━━━ DATA

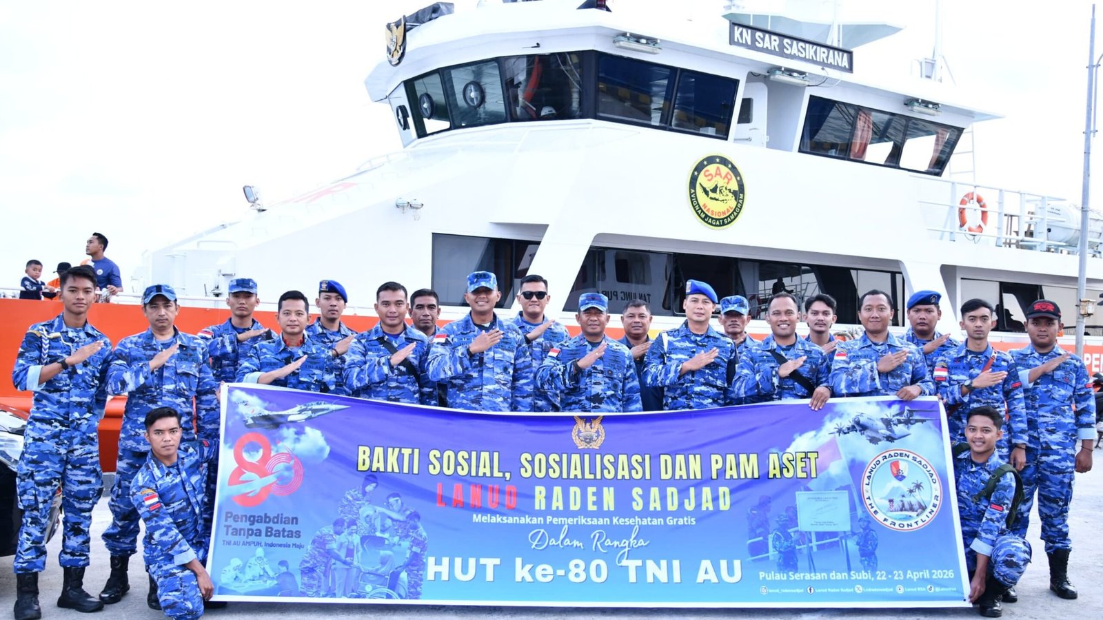Lanud Raden Sadjad (RSA) Natuna menggelar bakti sosial terpadu di Kecamatan Serasan, Kabupaten Natuna, Rabu (22/4/2026), sebagai bagian dari penguatan pelayanan publik di wilayah perbatasan.
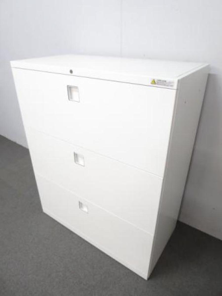 ★【T1】【T12】【商品入替のため、残り3台限り】オカムラ製 レクトライン ホワイト 高品質で使いやすい! 大容量の3段キャビネット! 3段ラテラル書庫!!【管理番号:A01032936】
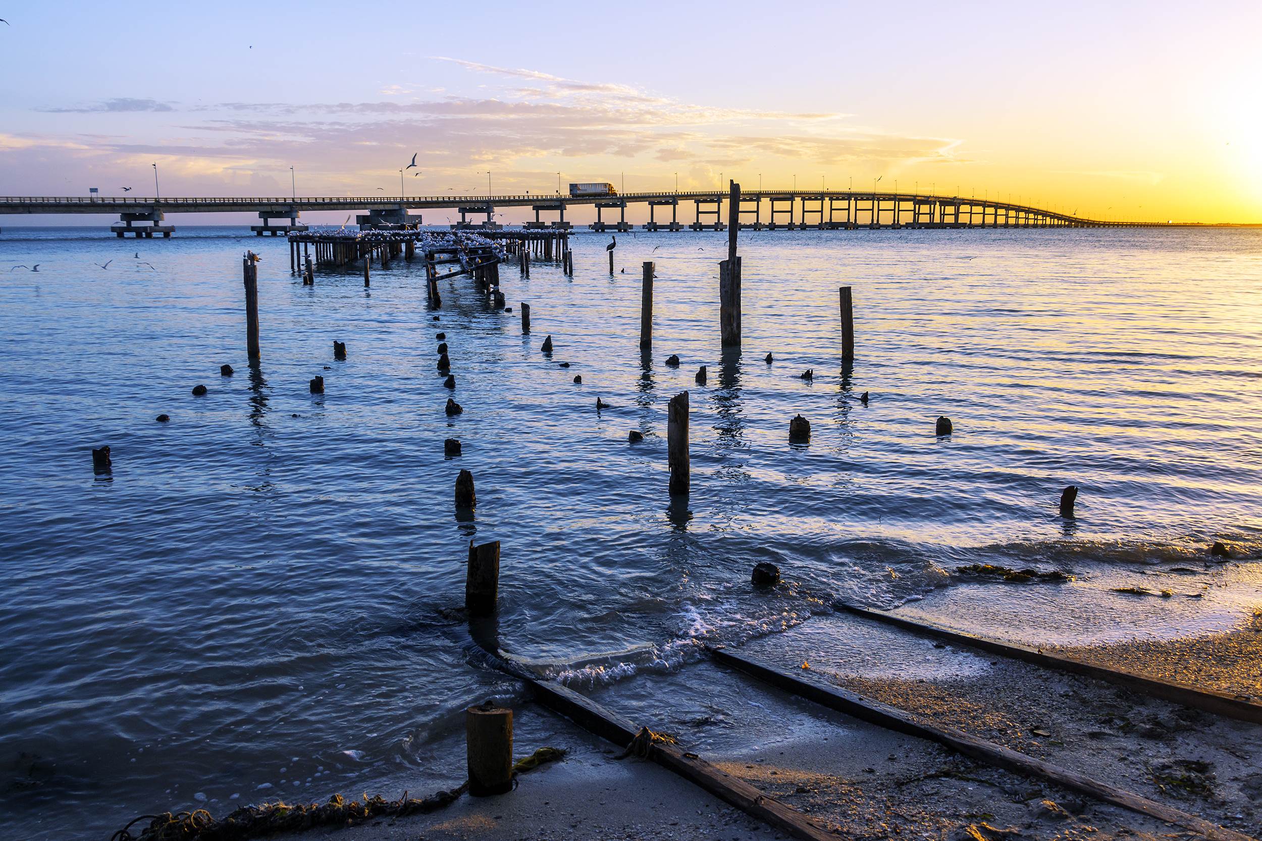 Las ruinas de un viejo muelle y el puente El Zacatal, uno de los dos accesos a la isla de Ciudad del Carmen, en una tarde de invierno en el Golfo de México.
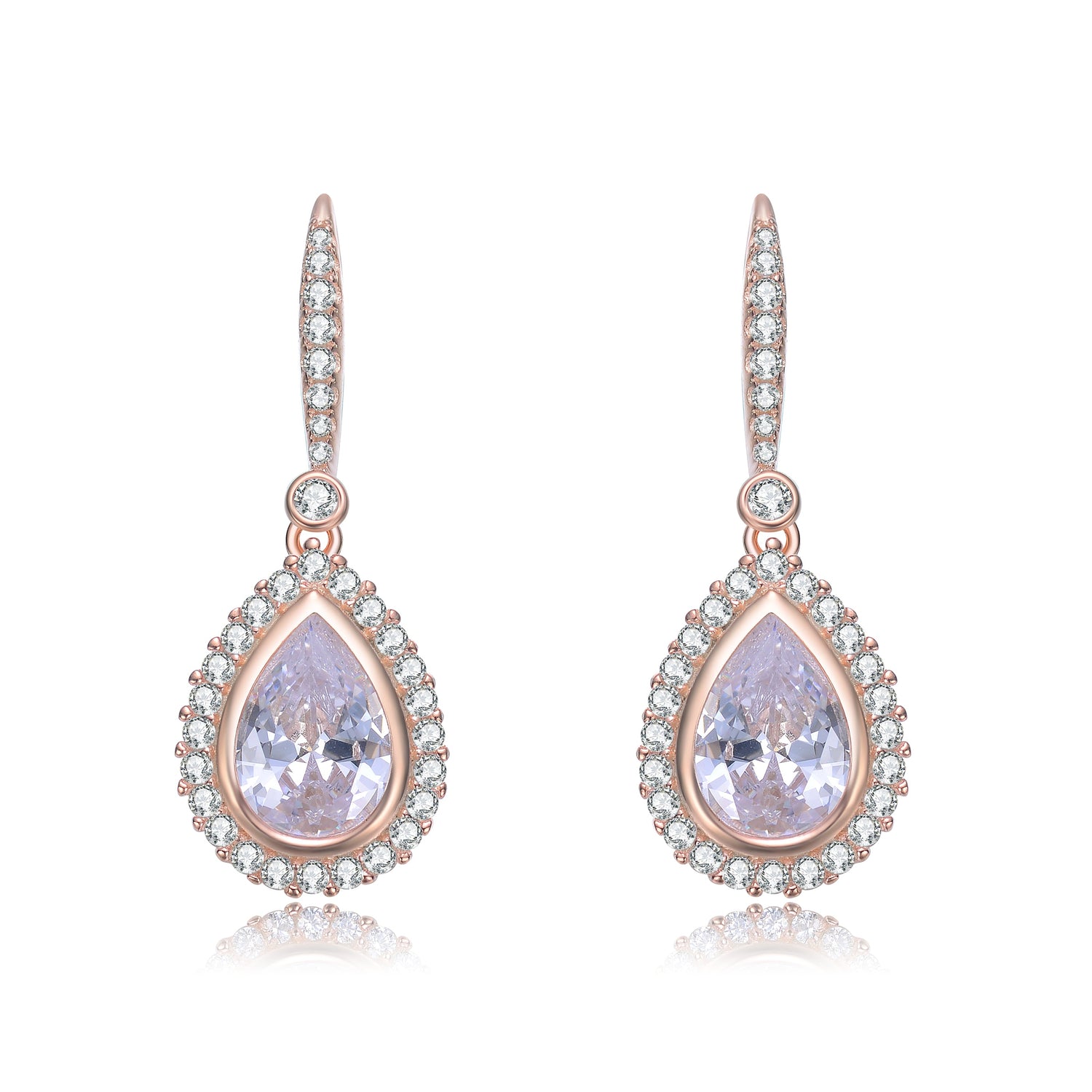 Sterling Silver Rose Gold Plated With Clear Cubic Zirconia Accent Teardrop Dangle Earrings

━━━━━━

• _DIRECTIONS_
Begin at the line containing "Las ruinas de" and write out every line to the end of the data exactly. Skip the pictures.

• _RESPONSE BOX_
 Las ruinas de un viejo muelle y el puente El Zacatal, uno de los dos accesos a la isla de Ciudad del Carmen, en una tarde de invierno en el Golfo de México.
 Sterling Silver Rose Gold Plated With Clear Cubic Zirconia Accent Teardrop Dangle Earrings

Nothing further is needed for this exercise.